> **What the task asks**: This calls for a verbatim copy of all the data, with no images carried over.

> **Supplied material**:
---
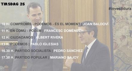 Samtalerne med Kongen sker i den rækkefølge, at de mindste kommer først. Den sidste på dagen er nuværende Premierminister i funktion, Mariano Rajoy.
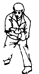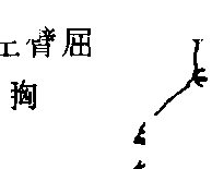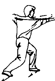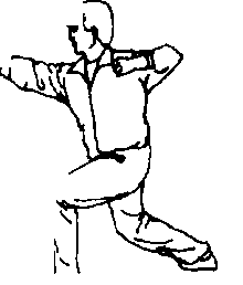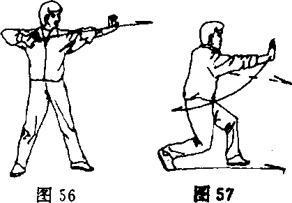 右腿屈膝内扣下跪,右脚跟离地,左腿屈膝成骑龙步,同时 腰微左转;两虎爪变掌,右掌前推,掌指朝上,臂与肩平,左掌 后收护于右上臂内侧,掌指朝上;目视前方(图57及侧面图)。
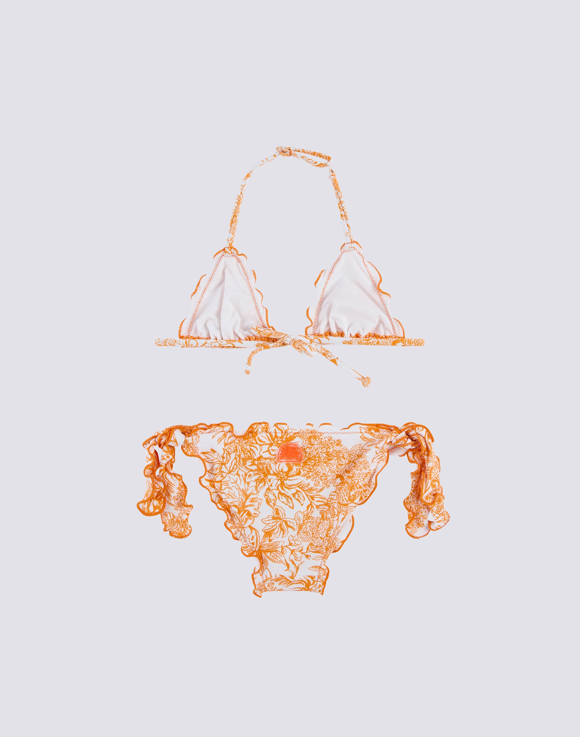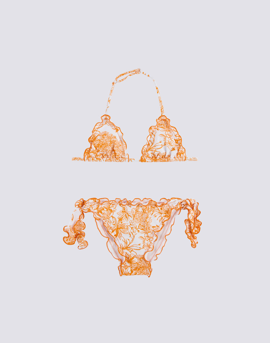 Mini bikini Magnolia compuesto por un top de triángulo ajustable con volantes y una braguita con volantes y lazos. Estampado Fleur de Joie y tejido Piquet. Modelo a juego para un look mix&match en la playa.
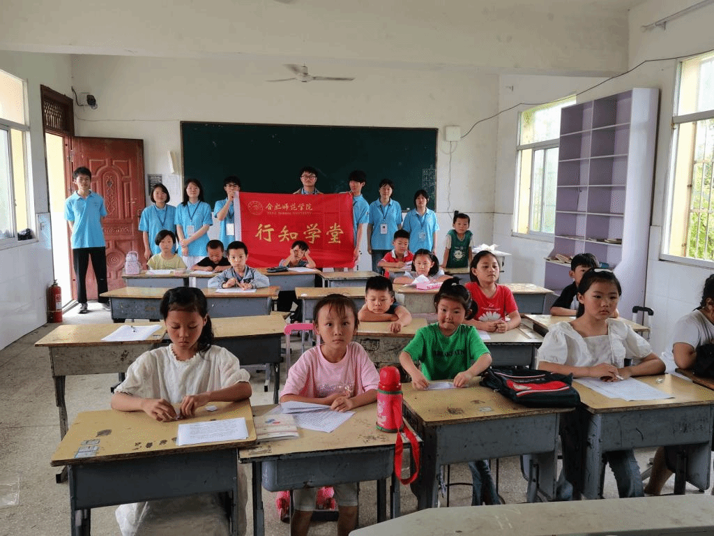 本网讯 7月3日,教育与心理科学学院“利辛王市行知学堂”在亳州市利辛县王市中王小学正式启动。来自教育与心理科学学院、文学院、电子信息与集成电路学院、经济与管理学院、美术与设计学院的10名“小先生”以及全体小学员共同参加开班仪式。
---
> **Task answer**:
 Samtalerne med Kongen sker i den rækkefølge, at de mindste kommer først. Den sidste på dagen er nuværende Premierminister i funktion, Mariano Rajoy.
 右腿屈膝内扣下跪,右脚跟离地,左腿屈膝成骑龙步,同时 腰微左转;两虎爪变掌,右掌前推,掌指朝上,臂与肩平,左掌 后收护于右上臂内侧,掌指朝上;目视前方(图57及侧面图)。
 Mini bikini Magnolia compuesto por un top de triángulo ajustable con volantes y una braguita con volantes y lazos. Estampado Fleur de Joie y tejido Piquet. Modelo a juego para un look mix&match en la playa.
 本网讯 7月3日,教育与心理科学学院“利辛王市行知学堂”在亳州市利辛县王市中王小学正式启动。来自教育与心理科学学院、文学院、电子信息与集成电路学院、经济与管理学院、美术与设计学院的10名“小先生”以及全体小学员共同参加开班仪式。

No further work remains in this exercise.